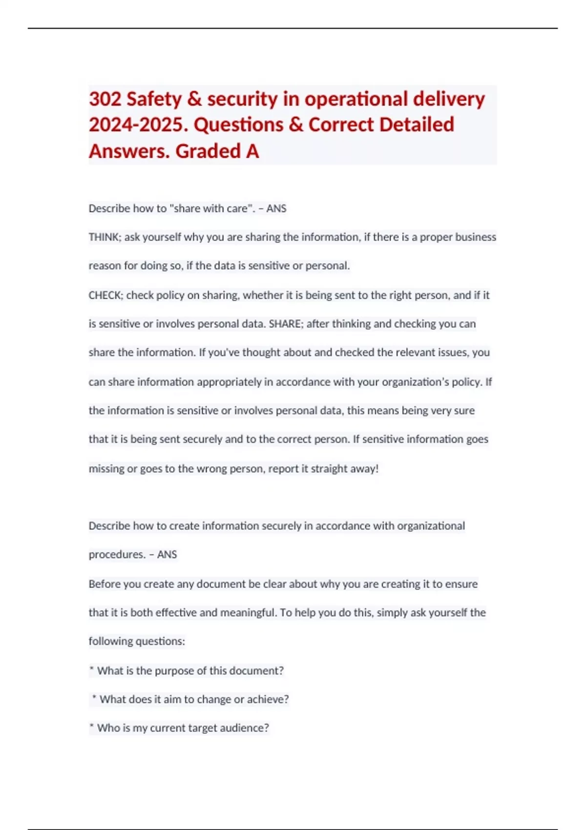 302 Safety & security in operational delivery . Questions & Correct Detailed Answers. Graded A
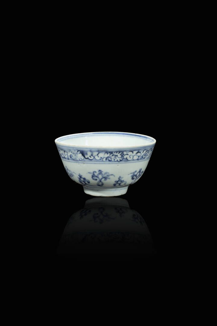 Ciotola in porcellana bianca e blu dipinta a motivi floreali Cina dinastia Qing XVIII sec. H cm 13 Diam cm 7
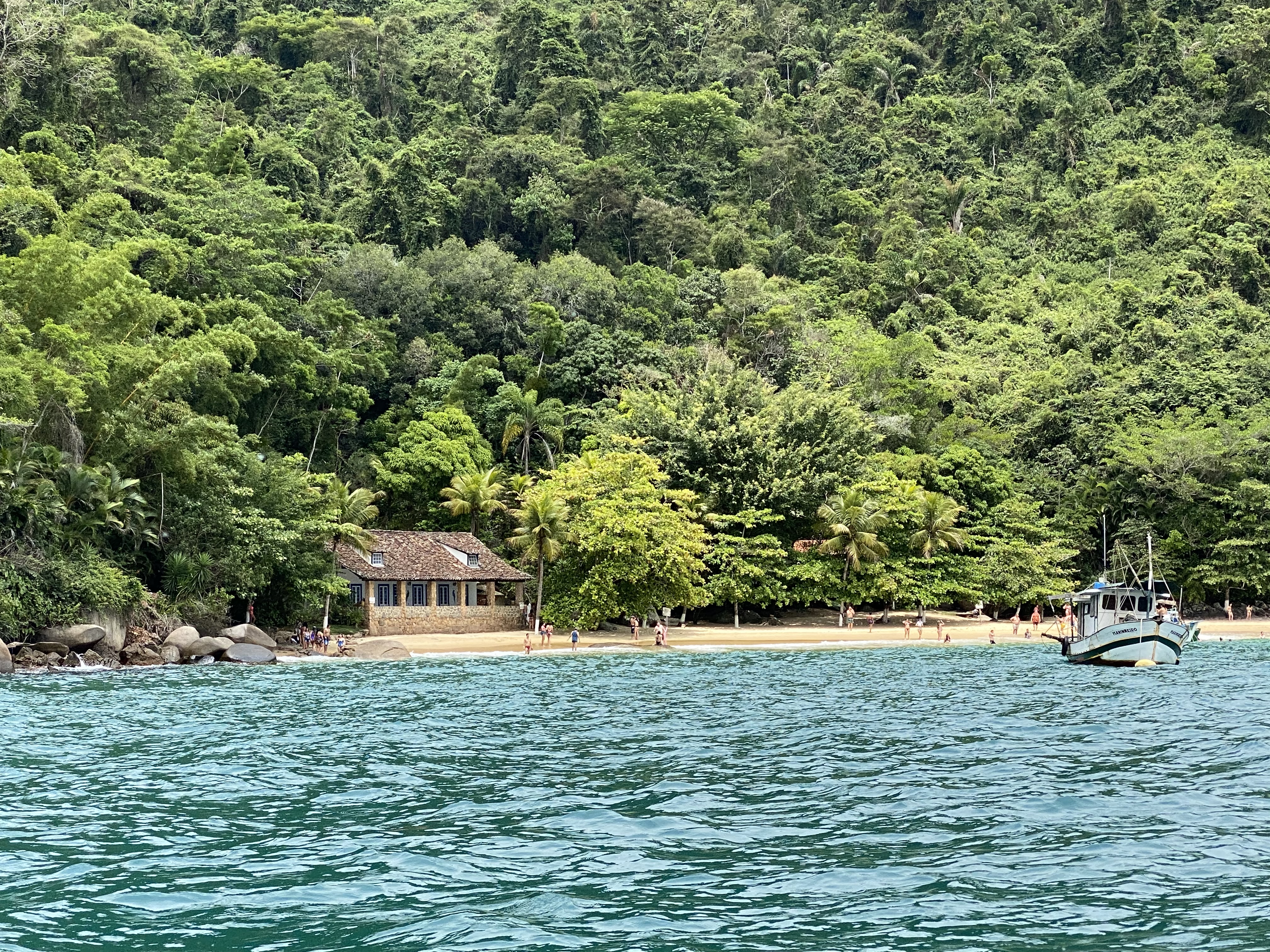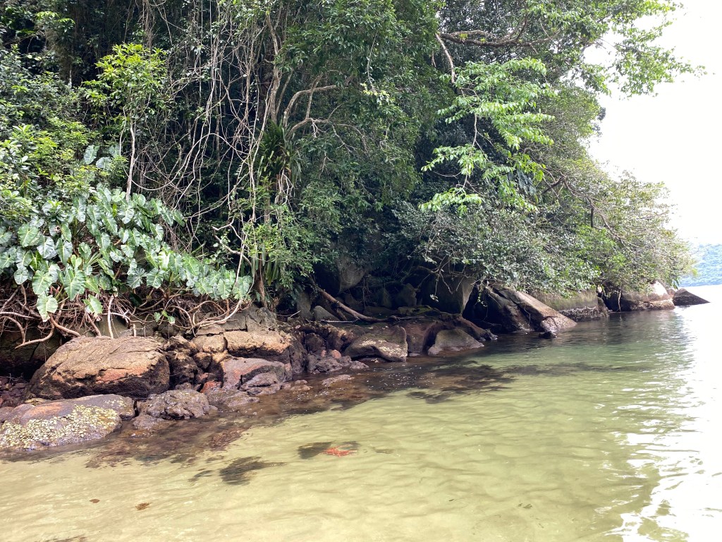 Passamos pela Praia do Engenho e Praia da Paca, umas das 33 praias do Saco. Por lá tem também cachoeira e mangue então eu recomendo ficar no Saco do Mamanguá mesmo para quem quer aproveitar tudo que tem. Mesmo sem sol deu para ver o quão lindo é. Você sabia que esse é o único fiorde tropical do mundo e o único fiorde do Brasil? Fiorde é uma larga porção de mar adentrando as montanhas – aqui no caso as montanhas de Mata Atlântica. Incrível né?!
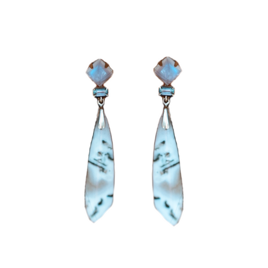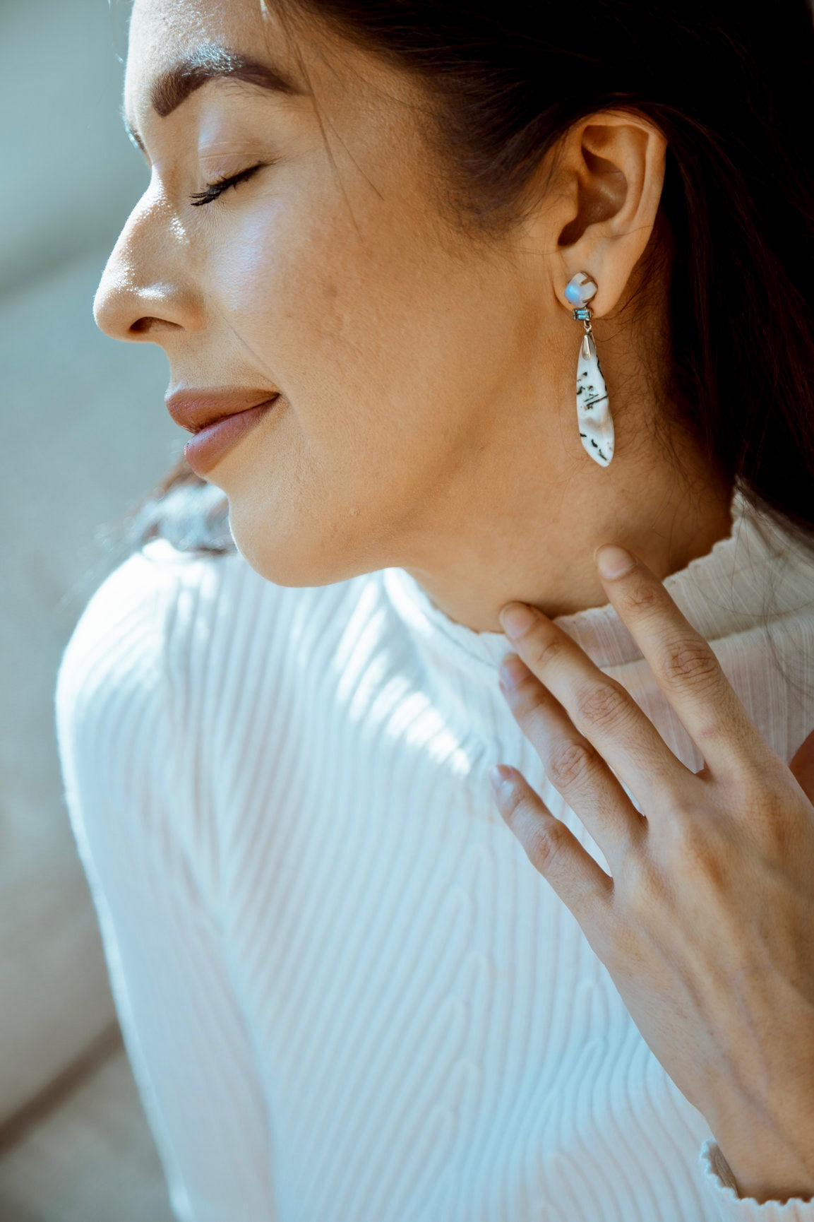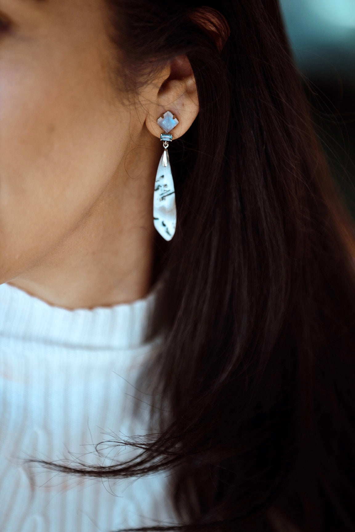 14K white gold earrings with moonstone, teal sapphires, and moss agate

YOUR OBJECTIVE - Retype the line containing "Passamos pela Praia" and all lines after it to the end of the material, exactly as written, leaving out any pictures.

EXPECTED ANSWER -
 Passamos pela Praia do Engenho e Praia da Paca, umas das 33 praias do Saco. Por lá tem também cachoeira e mangue então eu recomendo ficar no Saco do Mamanguá mesmo para quem quer aproveitar tudo que tem. Mesmo sem sol deu para ver o quão lindo é. Você sabia que esse é o único fiorde tropical do mundo e o único fiorde do Brasil? Fiorde é uma larga porção de mar adentrando as montanhas – aqui no caso as montanhas de Mata Atlântica. Incrível né?!
 14K white gold earrings with moonstone, teal sapphires, and moss agate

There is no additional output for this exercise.